Not with this tool. If the target site has no sitemap at the conventional locations (/sitemap.xml, /sitemap_index.xml, or declared in robots.txt), you need a crawler instead. Use our Site Audit Pro or any general web crawler to discover URLs by following internal links. To build a missing sitemap, run our Sitemap Generator on the same domain.
How do I find a site's sitemap URL?
Try /sitemap.xml or /sitemap_index.xml at the root of the domain first. If neither resolves, fetch the robots.txt file (/robots.txt) and look for a Sitemap directive line that points to the actual sitemap path. Most CMS platforms publish at the conventional locations by default.
What does the path-prefix breakdown show?
It counts URLs by their path prefix (/blog/, /products/, /docs/) so you can see at a glance how the site distributes content across sections. A site with 80 percent of its URLs under /blog/ is a content-led business. A site with 80 percent under /products/ is an e-commerce site. Useful for sizing a competitor in seconds.
Does it follow sitemap nesting more than one level deep?

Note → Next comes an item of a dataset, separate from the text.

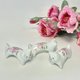 这是一对可爱的猫咪筷架。 长度约为 6.5 厘米,高度约为 3.5 厘米。 我们描绘了一只蓝眼睛的小猫,背上载着一束粉红玫瑰。

Yes, to any practical depth. The extractor recursively follows every sitemap index link until it reaches leaf sitemaps containing actual URL entries. Most real sites only nest one level, but the tool handles deeper nesting transparently.
Can I export the URL list?
The free tier shows the URL list in the browser, ready to copy. SBMM Pro adds direct CSV download, JSON export, and the ability to diff two sitemap extracts to see which URLs were added or removed between two crawls.